*** Opening SOURCE MATERIAL ***

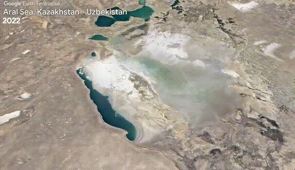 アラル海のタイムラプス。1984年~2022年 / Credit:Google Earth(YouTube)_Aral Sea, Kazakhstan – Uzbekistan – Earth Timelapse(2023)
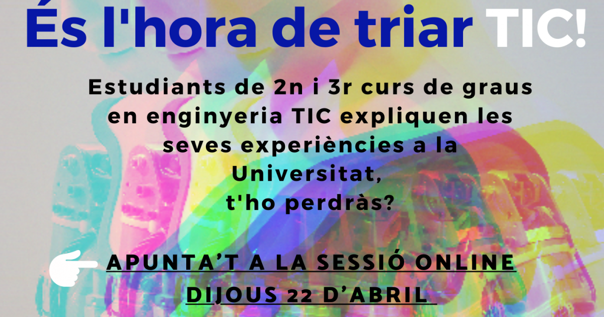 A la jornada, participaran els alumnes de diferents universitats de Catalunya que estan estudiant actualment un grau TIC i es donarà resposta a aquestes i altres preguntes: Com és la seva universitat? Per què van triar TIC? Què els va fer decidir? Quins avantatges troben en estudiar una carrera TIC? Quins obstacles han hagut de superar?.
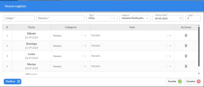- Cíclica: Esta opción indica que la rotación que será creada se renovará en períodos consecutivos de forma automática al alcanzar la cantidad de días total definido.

*** Closing SOURCE MATERIAL ***
*** Opening SOURCE MATERIAL ***

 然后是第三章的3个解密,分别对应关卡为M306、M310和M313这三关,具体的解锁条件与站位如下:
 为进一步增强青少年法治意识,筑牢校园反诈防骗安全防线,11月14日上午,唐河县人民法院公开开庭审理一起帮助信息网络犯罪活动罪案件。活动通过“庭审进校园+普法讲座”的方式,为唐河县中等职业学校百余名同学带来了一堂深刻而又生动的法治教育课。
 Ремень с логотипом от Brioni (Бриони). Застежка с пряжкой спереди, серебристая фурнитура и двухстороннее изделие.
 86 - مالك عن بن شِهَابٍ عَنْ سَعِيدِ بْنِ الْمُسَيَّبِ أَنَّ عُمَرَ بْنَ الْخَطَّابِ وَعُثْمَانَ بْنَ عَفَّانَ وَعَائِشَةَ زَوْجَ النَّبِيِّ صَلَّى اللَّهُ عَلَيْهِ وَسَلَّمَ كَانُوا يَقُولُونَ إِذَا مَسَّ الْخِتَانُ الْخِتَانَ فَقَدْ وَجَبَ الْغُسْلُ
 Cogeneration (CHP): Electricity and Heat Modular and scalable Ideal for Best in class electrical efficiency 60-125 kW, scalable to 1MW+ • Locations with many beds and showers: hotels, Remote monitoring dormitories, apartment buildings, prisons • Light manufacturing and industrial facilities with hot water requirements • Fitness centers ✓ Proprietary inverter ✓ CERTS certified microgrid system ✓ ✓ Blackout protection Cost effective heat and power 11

*** Closing SOURCE MATERIAL ***

## TASK PROMPT:
Write out exactly the lines above from the line with "86 - مالك عن" through the line with "Cogeneration (CHP): Electricity", both of them included, and leave out all other lines.

## WRITTEN ANSWER:
 86 - مالك عن بن شِهَابٍ عَنْ سَعِيدِ بْنِ الْمُسَيَّبِ أَنَّ عُمَرَ بْنَ الْخَطَّابِ وَعُثْمَانَ بْنَ عَفَّانَ وَعَائِشَةَ زَوْجَ النَّبِيِّ صَلَّى اللَّهُ عَلَيْهِ وَسَلَّمَ كَانُوا يَقُولُونَ إِذَا مَسَّ الْخِتَانُ الْخِتَانَ فَقَدْ وَجَبَ الْغُسْلُ
 Cogeneration (CHP): Electricity and Heat Modular and scalable Ideal for Best in class electrical efficiency 60-125 kW, scalable to 1MW+ • Locations with many beds and showers: hotels, Remote monitoring dormitories, apartment buildings, prisons • Light manufacturing and industrial facilities with hot water requirements • Fitness centers ✓ Proprietary inverter ✓ CERTS certified microgrid system ✓ ✓ Blackout protection Cost effective heat and power 11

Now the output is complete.